• Input for this task:
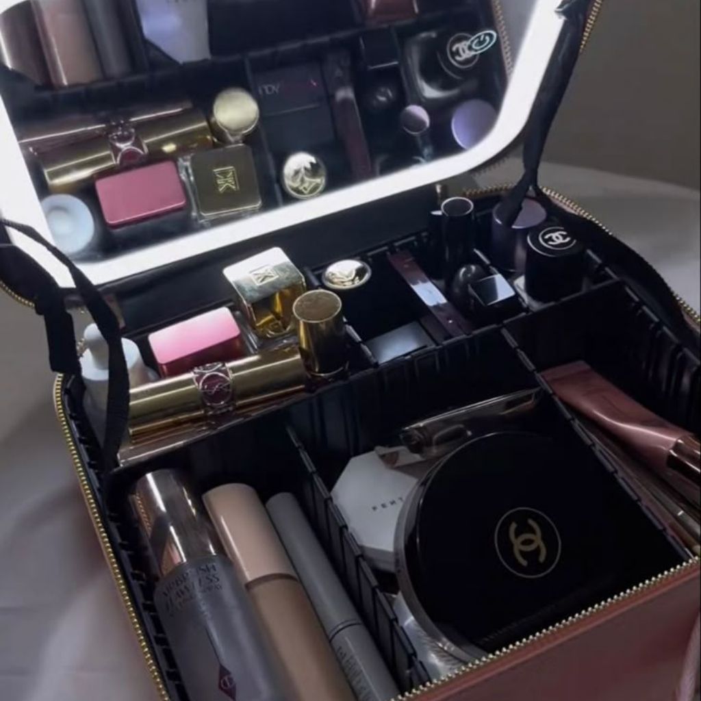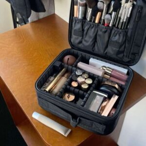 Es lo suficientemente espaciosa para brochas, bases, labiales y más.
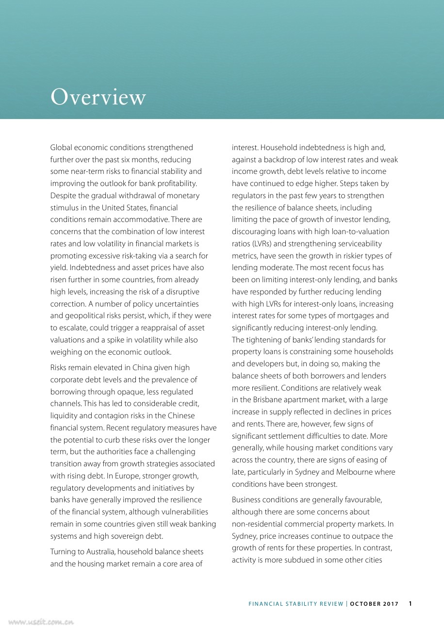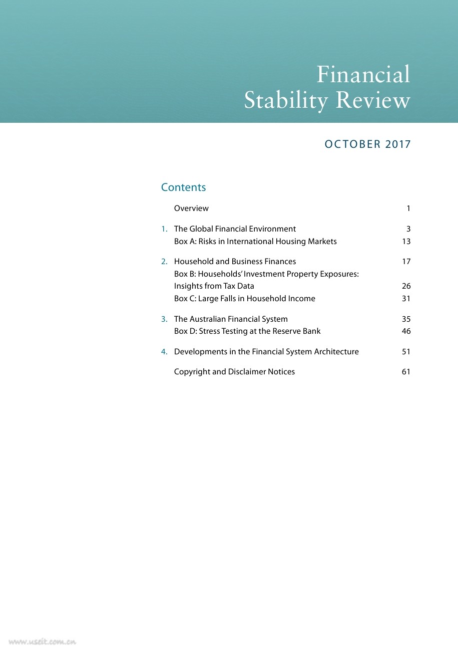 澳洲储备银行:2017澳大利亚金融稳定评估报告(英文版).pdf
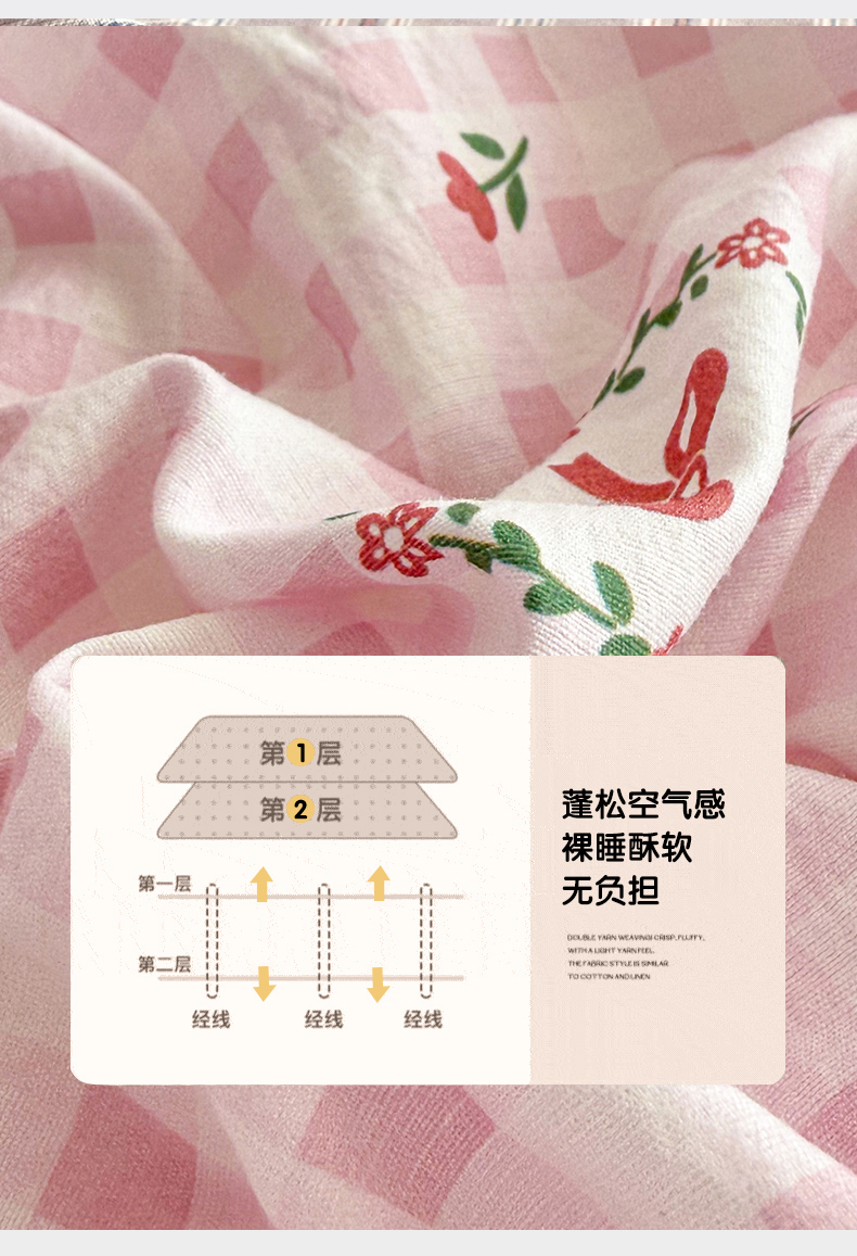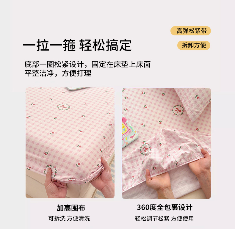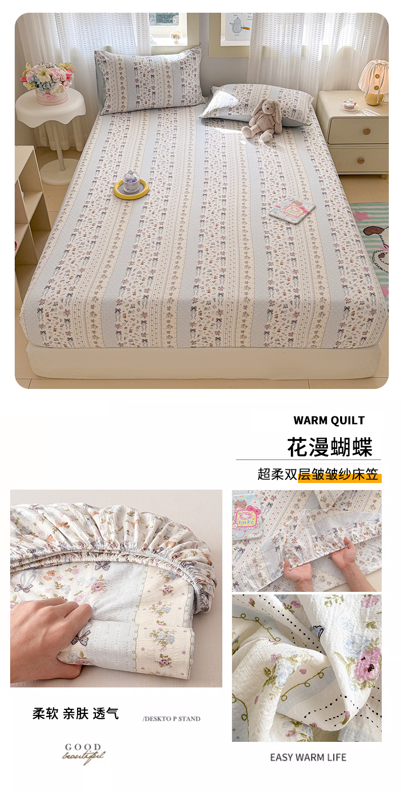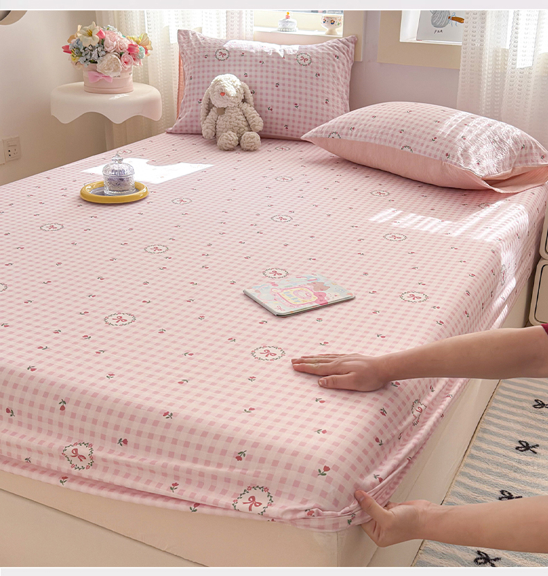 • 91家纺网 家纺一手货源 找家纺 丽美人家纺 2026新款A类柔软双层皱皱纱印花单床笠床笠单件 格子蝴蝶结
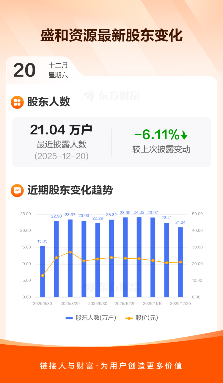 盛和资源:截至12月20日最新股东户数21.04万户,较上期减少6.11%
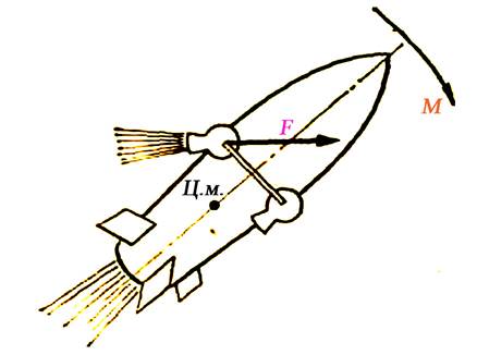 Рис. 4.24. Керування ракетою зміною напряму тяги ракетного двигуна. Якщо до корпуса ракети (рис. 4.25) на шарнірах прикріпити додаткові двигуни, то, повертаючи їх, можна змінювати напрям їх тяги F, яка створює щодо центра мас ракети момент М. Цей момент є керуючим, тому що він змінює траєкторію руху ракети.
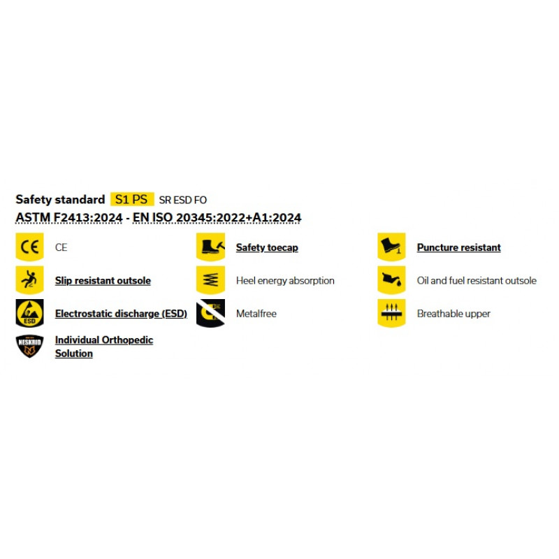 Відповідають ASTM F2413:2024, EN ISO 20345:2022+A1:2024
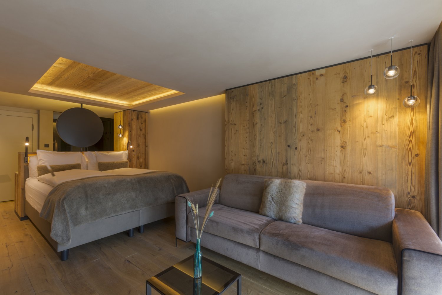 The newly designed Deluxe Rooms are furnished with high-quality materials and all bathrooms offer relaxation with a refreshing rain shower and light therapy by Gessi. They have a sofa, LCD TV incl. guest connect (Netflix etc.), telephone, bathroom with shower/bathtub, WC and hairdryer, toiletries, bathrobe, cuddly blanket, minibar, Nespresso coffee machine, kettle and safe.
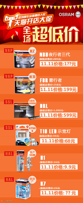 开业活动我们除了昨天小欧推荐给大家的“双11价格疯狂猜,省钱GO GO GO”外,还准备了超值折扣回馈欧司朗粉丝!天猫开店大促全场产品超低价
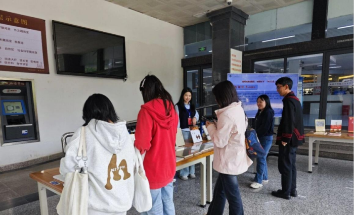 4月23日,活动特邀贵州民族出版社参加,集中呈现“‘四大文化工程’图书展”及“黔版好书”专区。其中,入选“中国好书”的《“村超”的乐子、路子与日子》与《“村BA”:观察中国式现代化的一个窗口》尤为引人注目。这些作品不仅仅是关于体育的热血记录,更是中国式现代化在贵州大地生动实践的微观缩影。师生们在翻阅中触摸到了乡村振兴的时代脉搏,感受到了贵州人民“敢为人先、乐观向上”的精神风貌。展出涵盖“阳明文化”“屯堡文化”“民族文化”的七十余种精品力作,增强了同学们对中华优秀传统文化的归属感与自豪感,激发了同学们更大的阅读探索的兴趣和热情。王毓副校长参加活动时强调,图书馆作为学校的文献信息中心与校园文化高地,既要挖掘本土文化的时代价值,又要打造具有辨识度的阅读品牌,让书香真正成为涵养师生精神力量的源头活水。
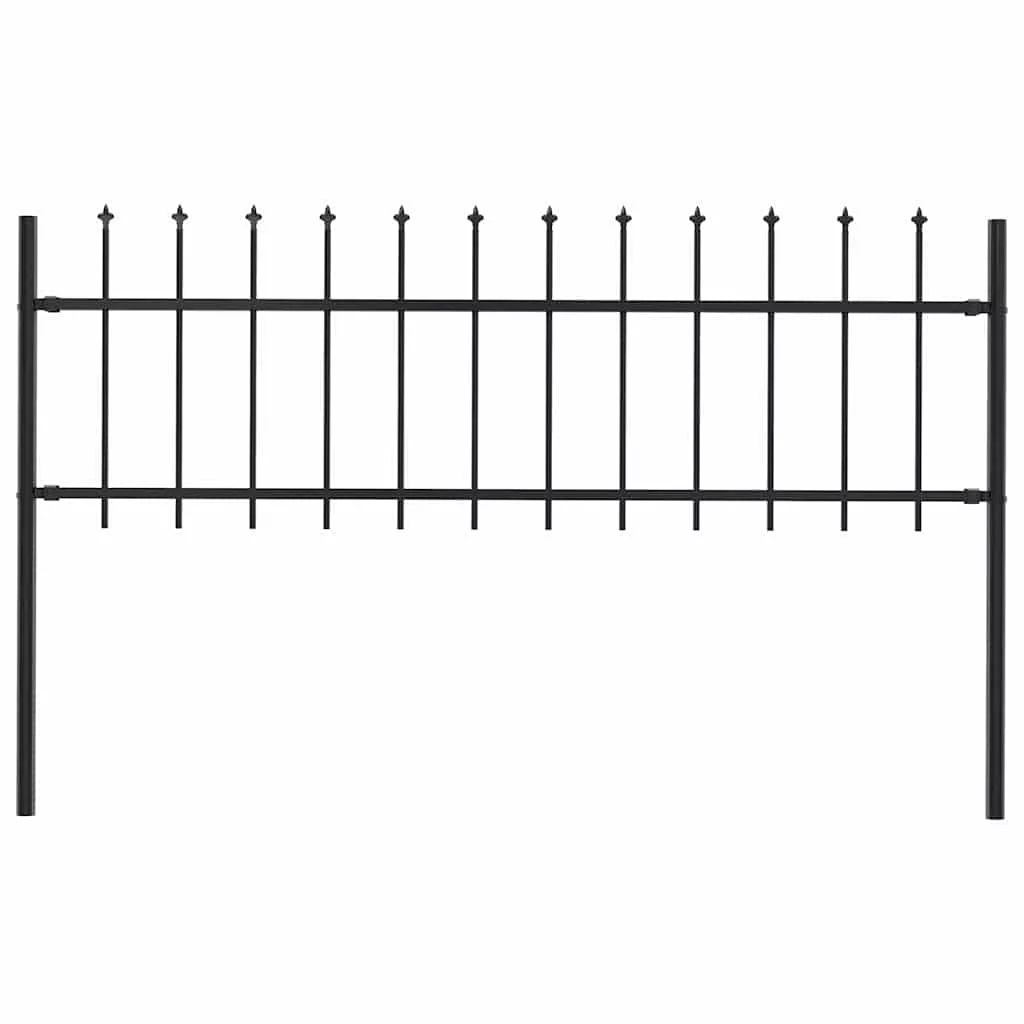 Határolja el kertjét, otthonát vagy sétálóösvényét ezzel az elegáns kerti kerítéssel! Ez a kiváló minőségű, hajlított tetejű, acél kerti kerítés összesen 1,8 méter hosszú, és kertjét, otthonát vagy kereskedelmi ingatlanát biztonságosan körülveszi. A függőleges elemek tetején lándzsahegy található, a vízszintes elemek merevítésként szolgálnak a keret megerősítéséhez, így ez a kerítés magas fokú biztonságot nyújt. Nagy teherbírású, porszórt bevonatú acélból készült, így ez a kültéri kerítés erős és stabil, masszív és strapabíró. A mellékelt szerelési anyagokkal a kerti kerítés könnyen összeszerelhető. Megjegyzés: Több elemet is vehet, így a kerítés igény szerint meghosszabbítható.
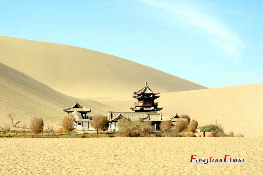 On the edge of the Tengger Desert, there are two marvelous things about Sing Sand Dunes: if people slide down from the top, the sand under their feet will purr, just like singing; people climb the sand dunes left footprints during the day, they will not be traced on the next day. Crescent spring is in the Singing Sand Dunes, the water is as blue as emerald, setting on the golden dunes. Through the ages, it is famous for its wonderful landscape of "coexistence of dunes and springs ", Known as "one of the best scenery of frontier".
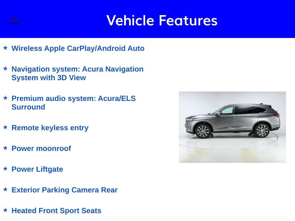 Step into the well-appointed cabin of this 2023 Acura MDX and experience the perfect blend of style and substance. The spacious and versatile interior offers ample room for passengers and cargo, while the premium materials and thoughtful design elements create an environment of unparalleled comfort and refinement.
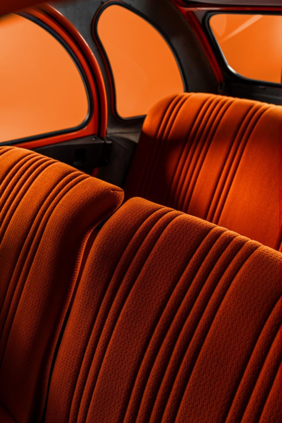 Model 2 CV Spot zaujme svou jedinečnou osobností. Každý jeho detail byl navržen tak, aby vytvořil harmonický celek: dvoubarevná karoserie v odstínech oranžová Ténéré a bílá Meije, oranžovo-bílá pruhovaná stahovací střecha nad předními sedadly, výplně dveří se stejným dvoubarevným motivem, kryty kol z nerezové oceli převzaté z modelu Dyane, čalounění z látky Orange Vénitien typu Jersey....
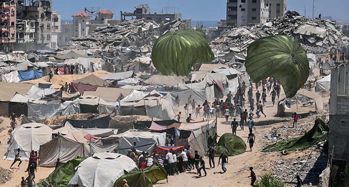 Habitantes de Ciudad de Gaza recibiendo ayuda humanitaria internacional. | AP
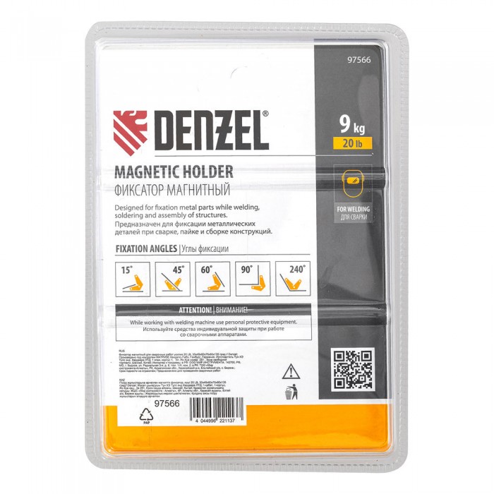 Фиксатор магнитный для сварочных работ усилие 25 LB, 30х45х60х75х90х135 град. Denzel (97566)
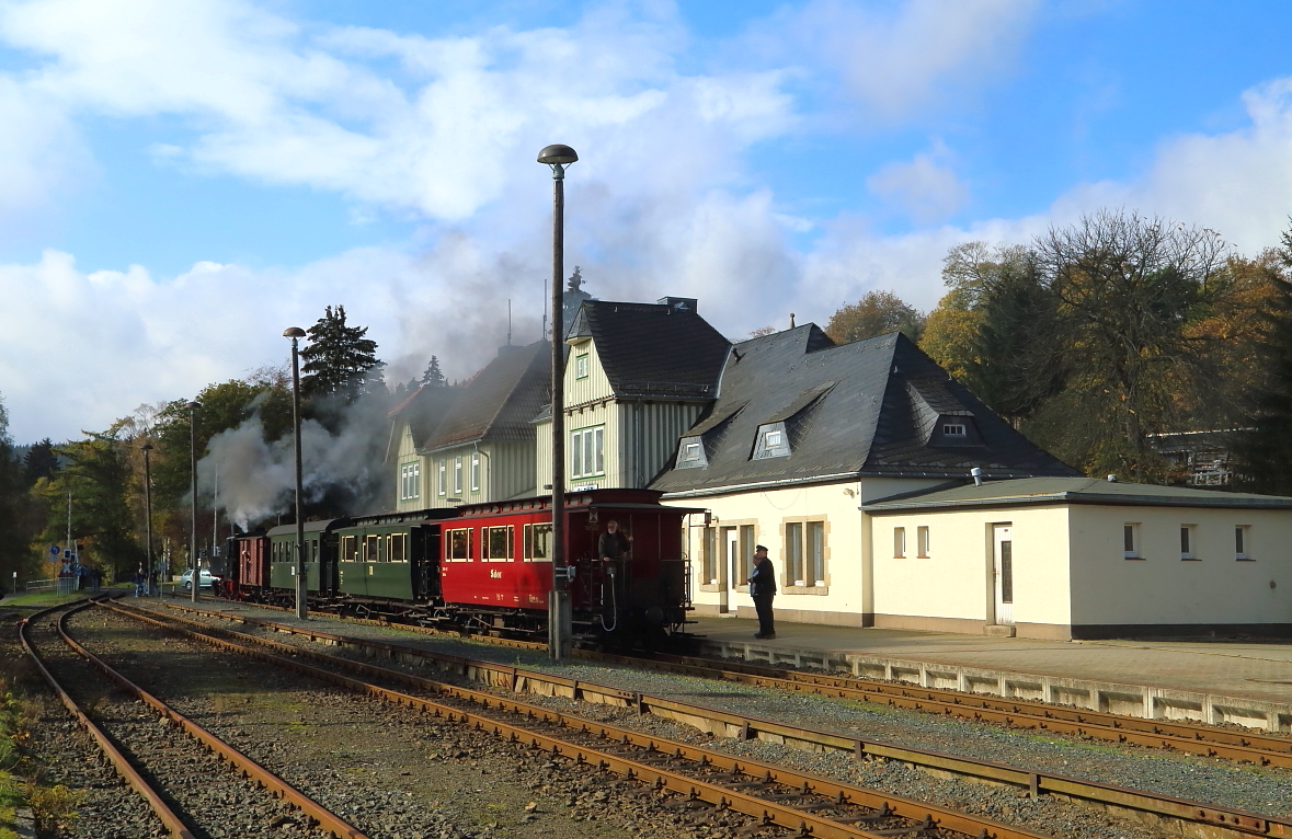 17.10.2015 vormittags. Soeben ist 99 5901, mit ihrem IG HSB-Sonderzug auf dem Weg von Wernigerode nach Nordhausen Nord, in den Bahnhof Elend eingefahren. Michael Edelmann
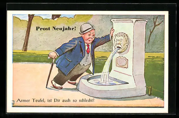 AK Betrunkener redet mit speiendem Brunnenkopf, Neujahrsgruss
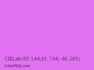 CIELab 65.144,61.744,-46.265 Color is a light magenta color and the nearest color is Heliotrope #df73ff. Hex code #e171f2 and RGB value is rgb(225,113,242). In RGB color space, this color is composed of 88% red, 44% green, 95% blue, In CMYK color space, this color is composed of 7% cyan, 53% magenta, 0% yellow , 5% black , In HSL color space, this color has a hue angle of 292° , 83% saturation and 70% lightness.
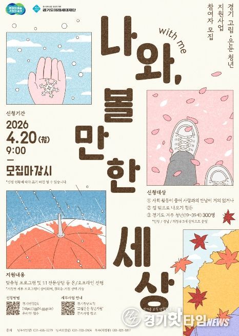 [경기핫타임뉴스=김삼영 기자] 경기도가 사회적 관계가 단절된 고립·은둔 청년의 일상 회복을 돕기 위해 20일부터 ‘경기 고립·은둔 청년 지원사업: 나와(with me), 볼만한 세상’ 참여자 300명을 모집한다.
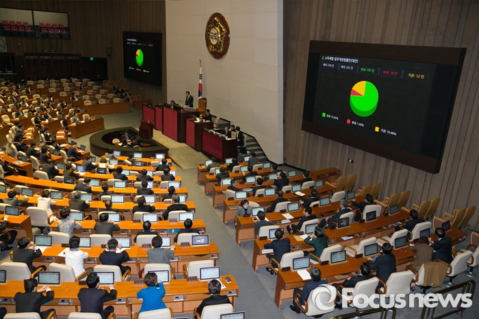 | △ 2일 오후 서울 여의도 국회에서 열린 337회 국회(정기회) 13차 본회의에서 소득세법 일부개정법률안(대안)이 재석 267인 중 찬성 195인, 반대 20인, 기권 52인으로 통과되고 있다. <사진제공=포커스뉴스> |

• What this task involves: Stop after the line containing "4月23日,活动特邀贵州民族": copy the records exactly from the first line up to there, leaving pictures out.

• Output:
 Es lo suficientemente espaciosa para brochas, bases, labiales y más.
 澳洲储备银行:2017澳大利亚金融稳定评估报告(英文版).pdf
 • 91家纺网 家纺一手货源 找家纺 丽美人家纺 2026新款A类柔软双层皱皱纱印花单床笠床笠单件 格子蝴蝶结
 盛和资源:截至12月20日最新股东户数21.04万户,较上期减少6.11%
 Рис. 4.24. Керування ракетою зміною напряму тяги ракетного двигуна. Якщо до корпуса ракети (рис. 4.25) на шарнірах прикріпити додаткові двигуни, то, повертаючи їх, можна змінювати напрям їх тяги F, яка створює щодо центра мас ракети момент М. Цей момент є керуючим, тому що він змінює траєкторію руху ракети.
 Відповідають ASTM F2413:2024, EN ISO 20345:2022+A1:2024
 The newly designed Deluxe Rooms are furnished with high-quality materials and all bathrooms offer relaxation with a refreshing rain shower and light therapy by Gessi. They have a sofa, LCD TV incl. guest connect (Netflix etc.), telephone, bathroom with shower/bathtub, WC and hairdryer, toiletries, bathrobe, cuddly blanket, minibar, Nespresso coffee machine, kettle and safe.
 开业活动我们除了昨天小欧推荐给大家的“双11价格疯狂猜,省钱GO GO GO”外,还准备了超值折扣回馈欧司朗粉丝!天猫开店大促全场产品超低价
 4月23日,活动特邀贵州民族出版社参加,集中呈现“‘四大文化工程’图书展”及“黔版好书”专区。其中,入选“中国好书”的《“村超”的乐子、路子与日子》与《“村BA”:观察中国式现代化的一个窗口》尤为引人注目。这些作品不仅仅是关于体育的热血记录,更是中国式现代化在贵州大地生动实践的微观缩影。师生们在翻阅中触摸到了乡村振兴的时代脉搏,感受到了贵州人民“敢为人先、乐观向上”的精神风貌。展出涵盖“阳明文化”“屯堡文化”“民族文化”的七十余种精品力作,增强了同学们对中华优秀传统文化的归属感与自豪感,激发了同学们更大的阅读探索的兴趣和热情。王毓副校长参加活动时强调,图书馆作为学校的文献信息中心与校园文化高地,既要挖掘本土文化的时代价值,又要打造具有辨识度的阅读品牌,让书香真正成为涵养师生精神力量的源头活水。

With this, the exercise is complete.